Currently, Rohde is establishing a non-profit in support of her Live Together model, which brings elders, families and at-risk youth together in an intergenerational community that emulates a small town. At the center of that town, The Engagement Center functions as a gathering place for members to meet, interact and form bonds. Rohde points out that Live Together isn’t futuristic or conceptual but rather a return to the basics of how communities used to function.

Rohde also recently accepted a position as technical consultant for the Resilient Floor Covering Institute (RFCI). In addition, she has devoted a great deal of her time and expertise to the development of residential healthcare and sustainability standards.
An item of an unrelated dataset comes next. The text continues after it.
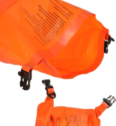 Благодарение на регулируемия колан със здрав клипс буйката се закрепя към хълбоците и остава близо до вас при спешни случаи.

In 2015, Rohde received the first Changemaker Award for Environments for Aging from The Center for Health Design. In 2018, she received the ASID Design for Humanity Award and was also recognized as an honorary alumnus of Clemson University’s architecture and health program, for her significant intellectual and material contribution to the graduate program, where she teaches.

Rohde lives and works in Baltimore County, Maryland and served as a volunteer parent for two girls, who are now grown.

Q: We were surprised to hear about your new technical role with the RFCI. How did it come to be, and why were you drawn to the position?
A:
I have been working in the sustainability and healthcare fields for many years and, since 1999, have collaborated with the RFCI on various speaking events, consulting projects, product development projects, research-all kinds of things.

Bill Freeman [former RFCI technical consultant] and I have known each other for years and have overlapped in working on the development of ANSI standards and other projects. When he decided to retire, he and Dean Thompson approached me and said, “We’ve been watching what you do on the General Services Administration Green Building committee, and you are committed.”

I interviewed with the board, and they asked, “Why would you want to do this?”

I said, “Have you worked in a design firm? Healthcare and senior living are hard markets…I want to bring the [flooring] industry and design together, and I like that this job allows me to have one foot in sustainability, one in healthcare and one in product development.”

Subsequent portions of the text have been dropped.